- **INFORMATION**
● ● ● ● ● ● ●

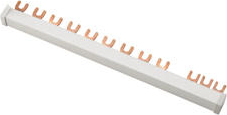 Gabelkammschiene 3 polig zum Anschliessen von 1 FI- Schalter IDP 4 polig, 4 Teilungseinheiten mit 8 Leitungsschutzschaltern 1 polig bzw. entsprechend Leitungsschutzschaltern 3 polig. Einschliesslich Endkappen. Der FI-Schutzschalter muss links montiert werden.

● ● ● ● ● ● ●

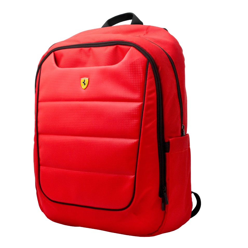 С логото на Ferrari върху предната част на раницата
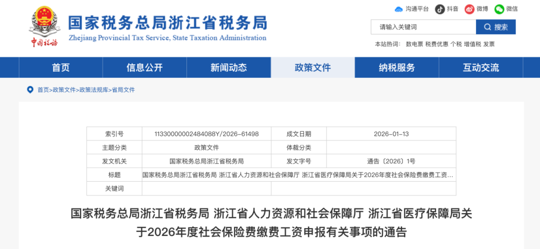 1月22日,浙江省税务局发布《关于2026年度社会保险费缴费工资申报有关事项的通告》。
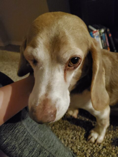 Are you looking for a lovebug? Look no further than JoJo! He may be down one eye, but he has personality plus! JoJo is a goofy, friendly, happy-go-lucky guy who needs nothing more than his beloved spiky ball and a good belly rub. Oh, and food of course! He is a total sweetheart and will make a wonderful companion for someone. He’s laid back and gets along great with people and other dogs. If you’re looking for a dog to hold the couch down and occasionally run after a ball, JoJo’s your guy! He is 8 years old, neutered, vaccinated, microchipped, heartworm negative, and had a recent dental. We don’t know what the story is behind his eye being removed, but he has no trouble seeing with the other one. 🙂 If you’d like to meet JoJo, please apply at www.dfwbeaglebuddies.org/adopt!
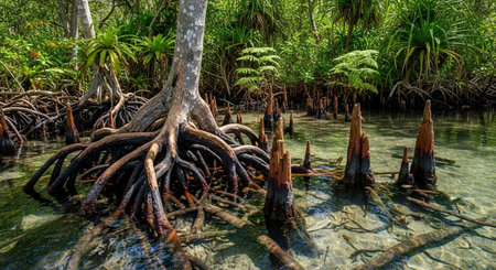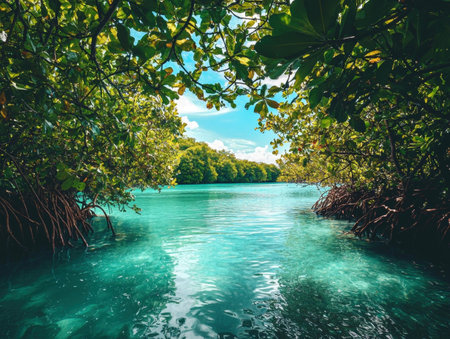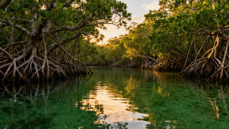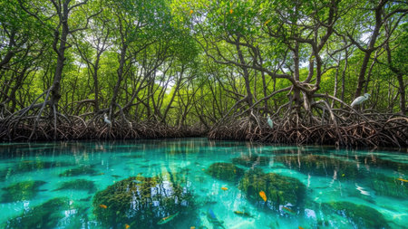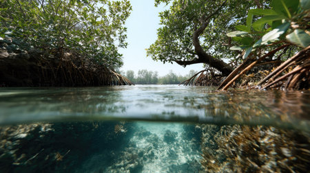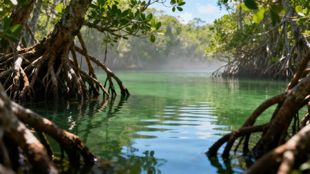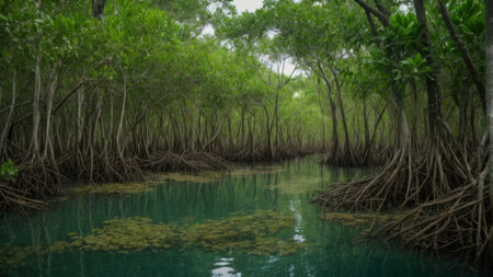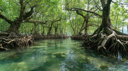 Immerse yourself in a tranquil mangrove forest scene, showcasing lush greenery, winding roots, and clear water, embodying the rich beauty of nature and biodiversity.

● ● ● ● ● ● ●

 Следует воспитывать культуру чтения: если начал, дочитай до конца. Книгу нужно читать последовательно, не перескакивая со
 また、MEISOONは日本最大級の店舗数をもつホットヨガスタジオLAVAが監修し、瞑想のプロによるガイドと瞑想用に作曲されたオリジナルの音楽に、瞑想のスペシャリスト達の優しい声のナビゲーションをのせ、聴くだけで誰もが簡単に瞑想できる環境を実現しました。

● ● ● ● ● ● ●

- **YOUR INSTRUCTIONS**
Give back exactly the lines above from the one with "Are you looking" through the one with "Immerse yourself in", both included. Pictures don't belong in the copy.

- **WRITTEN RESPONSE**
 Are you looking for a lovebug? Look no further than JoJo! He may be down one eye, but he has personality plus! JoJo is a goofy, friendly, happy-go-lucky guy who needs nothing more than his beloved spiky ball and a good belly rub. Oh, and food of course! He is a total sweetheart and will make a wonderful companion for someone. He’s laid back and gets along great with people and other dogs. If you’re looking for a dog to hold the couch down and occasionally run after a ball, JoJo’s your guy! He is 8 years old, neutered, vaccinated, microchipped, heartworm negative, and had a recent dental. We don’t know what the story is behind his eye being removed, but he has no trouble seeing with the other one. 🙂 If you’d like to meet JoJo, please apply at www.dfwbeaglebuddies.org/adopt!
 Immerse yourself in a tranquil mangrove forest scene, showcasing lush greenery, winding roots, and clear water, embodying the rich beauty of nature and biodiversity.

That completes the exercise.